A sticking point to Maple’s plan to acquire the Alpha Group, TMX’s biggest domestic competitor, was that the alternative trading system was already partly owned by Maple shareholders.
Regulators and investment dealers alike are worried that such a high concentration of power will not be good for Bay Street, Canada’s financial hub in Toronto, because they fear it cannot be adequately supervised. Even now as ink on the deal dries, concerns remain over how Maple (whose owners are some of the country’s biggest banks and securities underwriters, including TD Bank, Scotiabank and CIBC) might use the TMX Group to unfairly limit competition in the securities market.

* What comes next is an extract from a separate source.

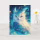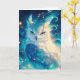 A mystical owl with piercing golden eyes and flowing ethereal feathers stands against a cosmic backdrop filled with glowing stars and swirling blue light. The celestial tones blend seamlessly into the owl’s radiant plumage, creating an enchanting and otherworldly presence. This stunning design captures the magic of the night sky and the wisdom of this majestic bird.

Certainly if a consortium of lending institutions led by Bank of America Merrill Lynch and Wells Fargo made a similar bid for the NYSE and Nasdaq, it’s unlikely that their proposal would receive regulatory approval in the U.S.
Canada’s Competition Bureau warned as recently as April that it had serious concerns about the Maple-TMX deal, but it appears to have tossed caution to the wind and embraced the proposal.